Presque aussi difficile que la veille de se lever. Après un bon
petit dej, on réussit à être au rendez-vous un quart
d'heure en retard et bon dernier. Direction le sommet du volcan San
Pedro, 3020 mètres.
Parti sans guide et à 8, on commence par se tromper de chemin,
un groupe de cavaliers nous remet sur la bonne voie, nos deux allemandes
en profitent pour battre en retrait, l'une d'entre elle ayant des
problèmes de digestion. Ce coup-ci, c'est vraiment parti, et
même bien raide. Le lacet est une chose à inventer dans le
coin. Le chemin se transforme même en escalier de bois par
endroits, il paraît que c'est bon pour les fessiers. Toute la
montée ou presque se fait dans la forêt, c'est
génial, des lianes, Pollo fait même des figures,
allé nickel mais le retour se finit sur le dos. Les couleurs sont
superbes, tous les tons de verts, le bleu clair du ciel, et celui plus
profond du lac, le rouge des fleurs dans les arbres... On parvient
même à voir un oiseau mouche. Mais ça monte
toujours, c'est bon pour les cuisses. Toute la joyeuse troupe arrive au
sommet à peu près en état, contente d'y être
en tout cas. Le vent qui ne cesse de souffler nous offre un ciel limpide
et donc, nous nous en mettons plein les mirettes. La vue est ouverte sur
des kilomètres, tout le lac, les volcans ... C'est vraiment
formidable. Une pause, une clope pour Pollo, et on redescend, d'abord,
pour Pappas y Pollo, comme des malades, Yamakazis sur Yamakazis,
arrêts avec les bras, merci les arbres, sauts, dépassements
de retardataire ... Mais elle est bien tant longue cette descente.

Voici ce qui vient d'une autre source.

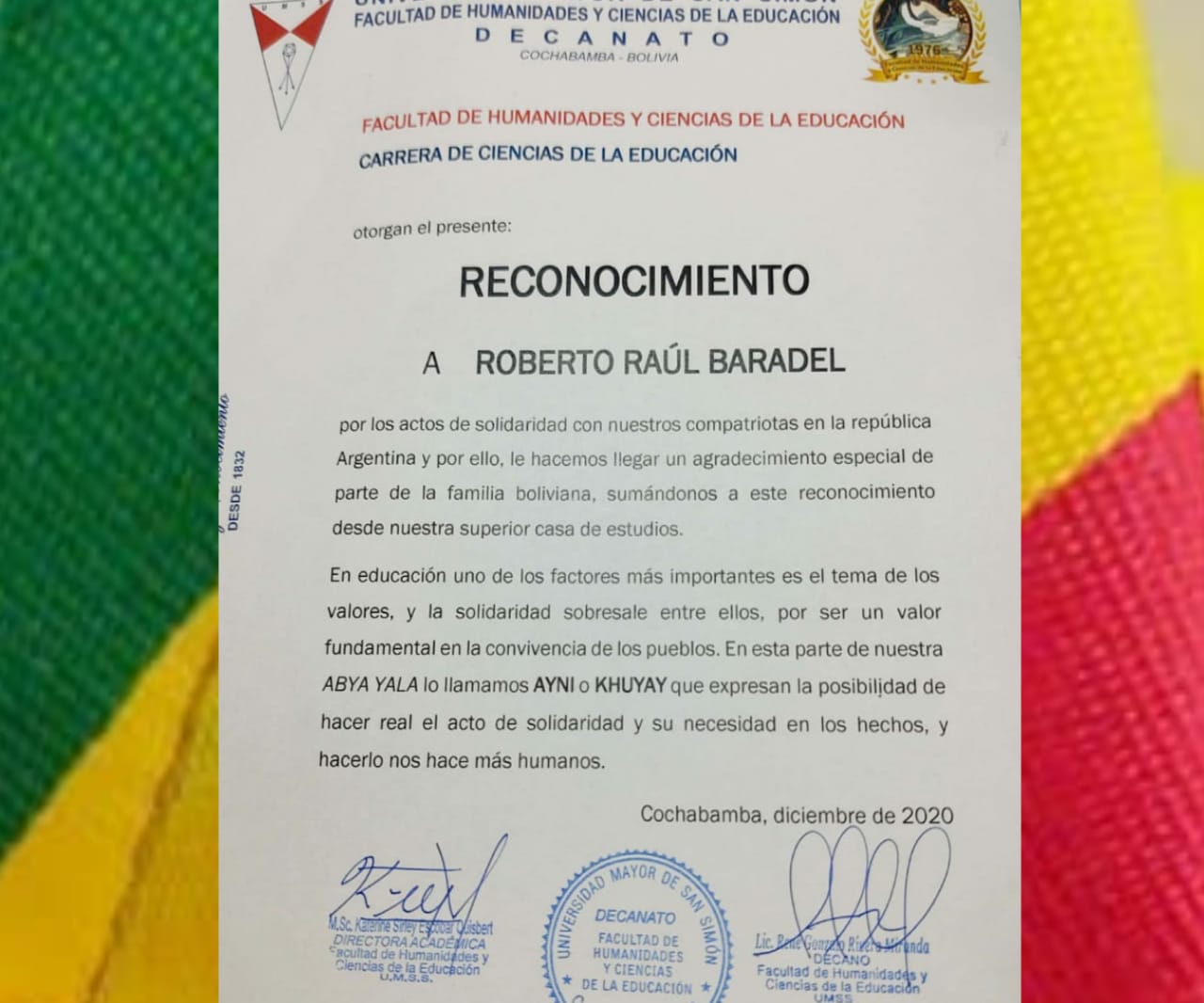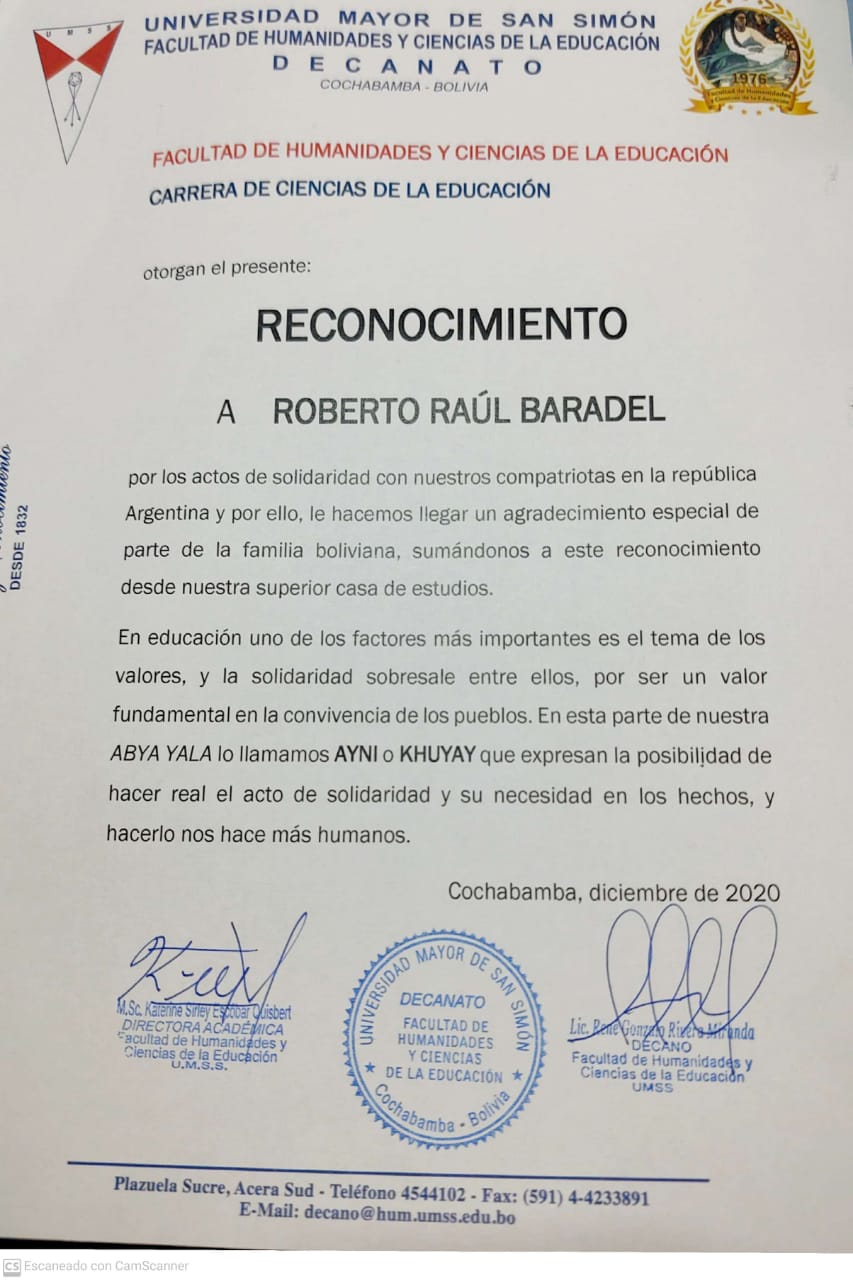 EL COMPAÑERO ROBERTO BARADEL RECONOCIDO POR EL GOBIERNO DE BOLIVIA Y LA UNIVERSIDAD MAYOR DE SAN SIMÓN
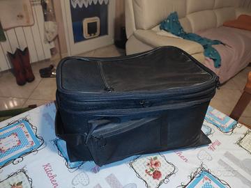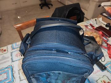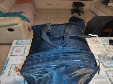 Capiente, comoda, con tracolla. la parte superiore si può sganciare con la comoda cerniera e diventa un borsello. Ampia finestra trasparente superiormente in cui si può alloggiare cellulari, tablet o cartine...
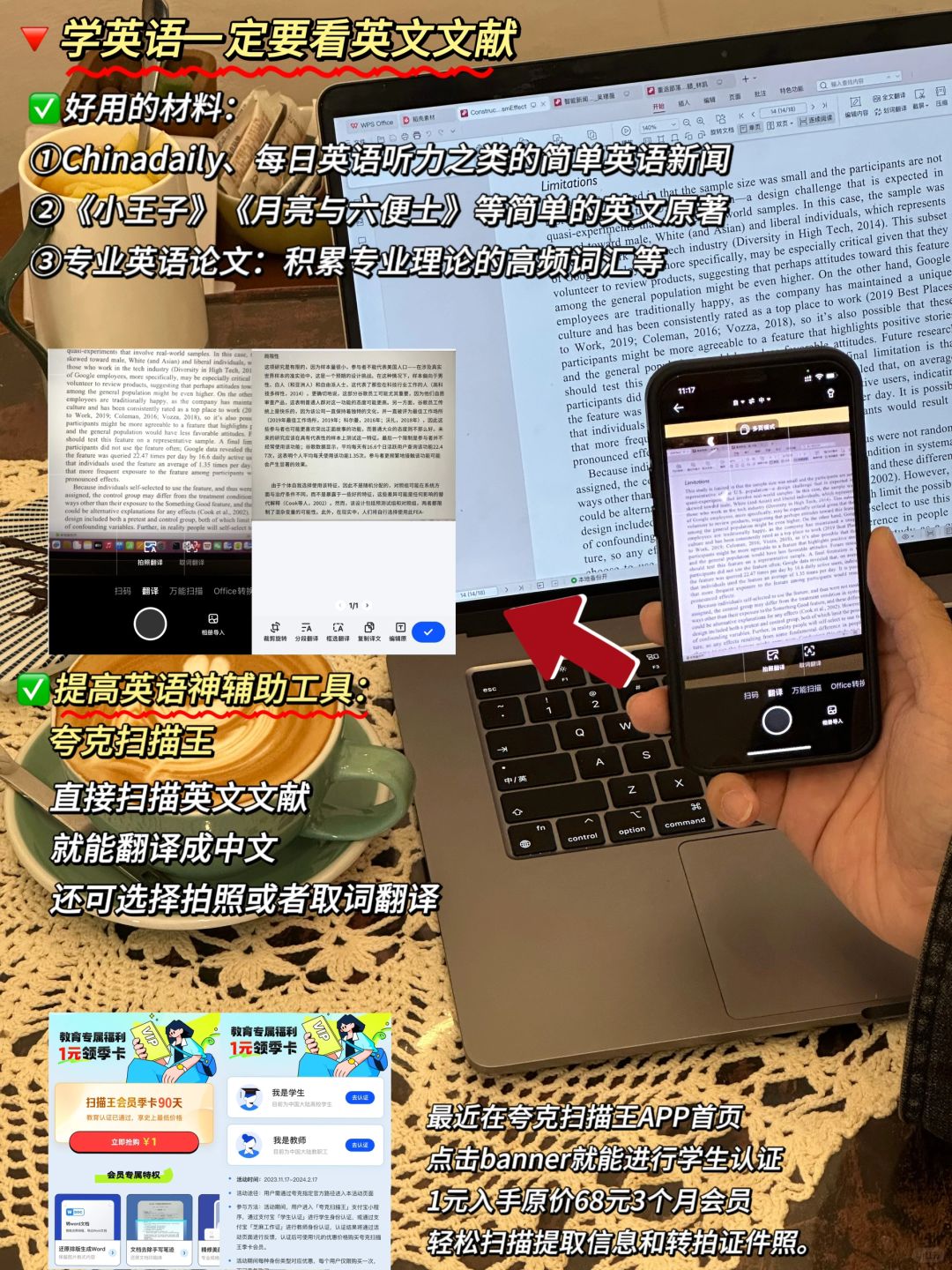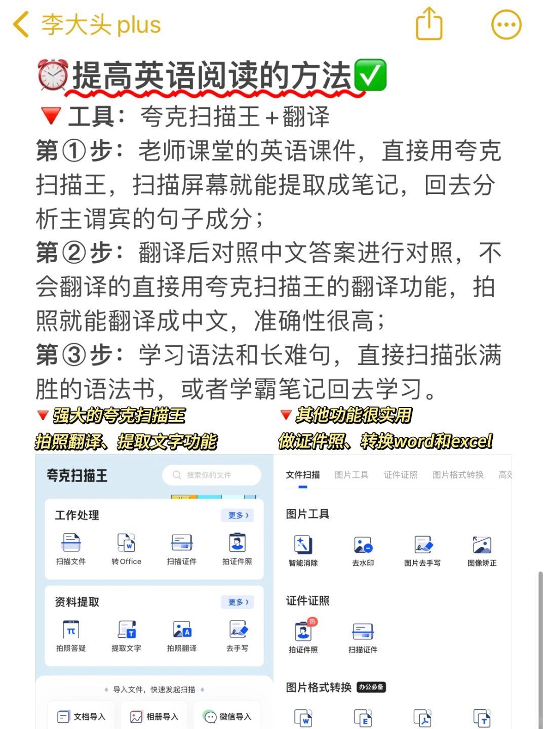 练语法要配合阅读,方法①看语法书,②搜集身边英语学霸笔记和经验贴。但别人笔记杂乱不好系统整理,用夸克扫描王一键提取文字功能,智能优化纸质资料排版,高清扫描。斜着拍也能自动校正生成高清扫描件,再将资料导成pdf整合,不用等就形成自己资料。夸克扫描王app对提高学习效率很有用,最近端内有教育福利,大学生或教师在首页点击banner认证,1元入手原价68元3个月季卡会员立省67

On
finit par se ranger sagement derrière les autres. Enfin, on
rejoint le village, on vient de faire nos 1500 mètres de
dénivelé en 7 heures en tout, on est vanné. Une
douche plus tard, on retrouve toute l'équipe dans un resto pour
se sustenter quelque peu, après tant d'efforts, n'est-ce pas, qui
ne rêverait pas d'un gros steak ?
Bin pas eux, on a beau chercher, pas la moindre trace de bidoche sur la
carte, c'est quoi ce vrac ? Ah, c'est ça qu'on appelle un
restaurant végétarien ? Intéressant... Et donc y a
que des légumes... Bon, on va faire avec. Pollo se console avec
des lasagnes pas mauvaises, Pappas lui doit subir un burritos
géant, que du riz et des fayots sur des kilomètres, c'est
nul. On se fout des envies de fous en parlant bœuf bourguignon,
blanquette... Le calvaire prend fin, direction les bains thermaux. De
petits bassins remplis d'une eau chauffée au soleil, c'est super
bon pour nos jambes fatiguées. Un petit bédo fait son tour
gentiment. On marine pendant que la nuit tombe, et il est tant de
sortir, là on note un problème dans l'organisation : On se
pèle. Record du séchage/habillage pulvérisé
pour la France !!! Pollo fait ses devoirs pendant que Pappas bricole
dans le hamac. Un morceau de carne et un café plus loin, on se
couche, éclatés complet.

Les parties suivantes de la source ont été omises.